Depois de viver alguns anos em Paris e se formar em Letras na Sorbonne, Françoise, visitando Berlim, cidade ainda se reconstruindo após a Primeira Guerra Mundial, reparou que não era fácil encontrar livros franceses lá. Teve, então, a ideia de abrir uma livraria especializada em cultura francesa na cidade, o que foi muito criticado pelos alemães. Mas ela ignorou as admoestações, foi em frente e inaugurou, em 1921, “La Maison du Livre française à Berlin”. Resumindo: a livraria tornou-se, em pouco tempo, o point da cultura francesa, ponto de encontro de intelectuais, escritores famosos e diplomatas estrangeiros. Um sucesso que durou quase vinte anos. Mas, exatamente por isso, os olhos das autoridades alemãs já estavam fixados nela. Continuou, porém, o seu trabalho, até o ovo da serpente começar a quebrar a casca. E os perigos espreitaram-na, como a hedionda “Noite dos Cristais”, entre 9 e 10 de novembro de1938, quando as lojas dos judeus tiveram as vitrines quebradas e tudo foi destruído. Françoise não pôde, portanto, continuar. Abandonou a livraria, o apartamento, Berlim, e voltou às pressas para Paris.

Primeira parada da mala, que só chegou depois dela. Depois de decidir fugir para o sul da França, Françoise deixou a companheira no guarda-volumes. Recebeu-a tempos depois, avariada e amarela de vergonha, já que era dessa cor. E Françoise, como judia errante, peregrinou correndo perigo aqui, escapando ali, passou por Avignon, Vichy ocupada pelos nazistas alemães, desceu para Nice, onde se escondeu como um animal caçado, foi presa pela polícia francesa nas duas tentativas de atravessar a fronteira da Suíça, embora tivesse visto de entrada naquele país. Escondeu-se em Grenoble, em Annecy, em Saint-Julian, sempre em grande perigo, pois a atuação das milícias francesas na região da Saboia era implacável.

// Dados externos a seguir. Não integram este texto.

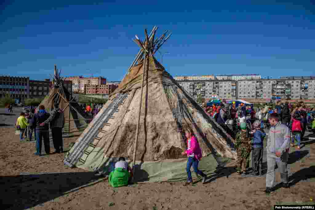 На время праздника в Дудинке построили традиционные чумы, жилища коренных народностей

Mas aqui precisamos fazer uma pausa para destacar as inúmeras ajudas que essa judia recebeu dos bons franceses não colaboracionistas. Foram muitas as pessoas que a acolheram – cujo ponto alto desse acolhimento ficou por conta do casal proprietário do salão de cabelereiros Marius, nome que lembra o bondoso jovem Mário, de Os Miseráveis, do também bondoso Victor Hugo, orgulho da França. Pois bem, Françoise não deixa dúvida de que foi salva e deve sua vida ao casal que a escondeu até dentro do guarda-roupa, correndo todos os riscos, durante uma inspeção dos gendarmes à procura de judeus e ilegais no país. Françoise passou fome, frio, dormiu morta de medo ao relento na floresta, foi roubada, maltratada de todas as maneiras possíveis. Se ela perguntasse àquele sacristão de Memórias Póstumas de Brás Cubas, de Machado de Assis, por que tinha nascido, talvez ele respondesse algo semelhante ao que respondeu à dona Plácida: você nasceu para fugir, para comer mal ou não comer, andar de um lado para outro, adoecendo e sarando, triste, humilhada, desesperada hoje, resignada amanhã, para ser presa e condenada, para não ver mais a sua mãe e parentes e amigos queridos. Você nasceu no lugar errado, na hora errada. E isso é porque é filha do povo eleito.

Essa é a saga de uma mulher corajosa – que pouco ou nada critica os que a prejudicaram – e que teve de atravessar arames farpados e um fosso, o seu Mar Vermelho, para chegar à Terra Prometida daqueles dias nefastos, a Suíça, aonde literalmente caiu com apenas uma trouxa de roupas, a que a mala se reduzira. E escreveu essas memórias, rastros de sua dor – recomendadas pelo premiado pelo Nobel Patrick Modiano – e que foram encontradas anos depois num pequeno lugar do mundo, o bazar beneficente Companheiros de Emaús, em Nice, na França, onde, um dia, como amaldiçoada, Françoise Frenkel não tinha onde pousar a cabeça.

Por Vera Lúcia de Oliveira Vera Lúcia Oliveira é membro da Associação Nacional de Escritores e da Academia de Letras do Brasil.